In the rear, however, we have the added complication that not only does the attachment need to connect the suspension to the car, it also has to allow power to pass through to the wheels. It can’t be a simple ball and socket like up front.

The Rear Driveshaft Is In A Rigid Tube

Since the rear suspension has to power the wheels, it needs to include a driveshaft between the engine/transmission and the differential on the rear axle (the back side of the triangle). In the Model T, this driveshaft is housed inside a tube, called a pinion drive shaft housing, which is rigidly connected to the axle:

The rigid connection between the shaft housing and the axle means that i,  along with the driveshaft inside the housing, move up and down with the suspension. This means we need to provide some means for the driveshaft to move relative to the transmission. The way this is done on the Model T is with a universal joint inside the ball socket:

This allows the suspension to move up and down and roll while still allowing power to pass to the wheels through the pivot point. Of course, this means the pivot is much larger than the one for the front suspension, but it is a small price to pay to keep such a simple suspension design.

The Steering Gear Was Built Right Into The Top Of The Steering Column

The steering system of the Model T is another area where simplicity ruled the day. Most cars then and now have some sort of a steering box or steering gear, whether it is a rack and pinion or a ball/nut type, but the Model T did not. Instead, what it had was a planetary gear set housed inside a brass canister at the top of the steering column right below the steering wheel:

Inside this canister is a small planetary gearset that provides the gear reduction normally found in a steering box located at the bottom of the steering column:

Image via: Technical – Model T steering question | The H.A.M.B. (jalopyjournal.com)

At the bottom of the steering column is a simple pitman arm (which turns the rotation of the steering shaft into a swinging arc), which is connected to a drag link, which pushes and pulls the right-side suspension knuckle that steers the wheels. A tie rod then connects the right-side knuckle to the left so that when one wheel turns, so does the other.

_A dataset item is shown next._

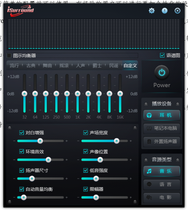 iSurround音效软件是专门为个人电脑打造的Windows平台音效增强套件。它是利用两只扬声器或一副立体声耳机来制造出逼真的环绕立体声体验,以营造真实自然的空间声场,改善聆听感受。iSurround的主要功能包括对白增强、声场扩展、环境音效、声像位置调整、动态范围控制、低音增强和语谱分析等等。针对不同的播放设备(耳机、笔记本扬声器、外置扬声器)和不同的音源类型(音乐、语言、电影)进行了个性化的性能优化和音效配置,一般用户只要对这两个选项进行简单的配置就可以使用,有经验的用户可以进行更加个性化的设置。软件界面如下图所示。

Let’s see how this system works:

If we open up the steering box, we can see how the planetary gear set works:

Looking at the system from underneath, we can easily see how the motion of the pitman arm is translated into steering of the left and right wheels:

via GIPHY

Since the Model T came out, car suspensions have gotten increasingly more complex, and we will be taking a look at some of the most consequential and influential throughout this series. But, sometimes it is refreshing to go back and look at how it all started and how simple things used to be.

Simple, but effective. The Model T put America, and perhaps the entire world, on wheels. It was durable, easy to repair, and could go almost anywhere.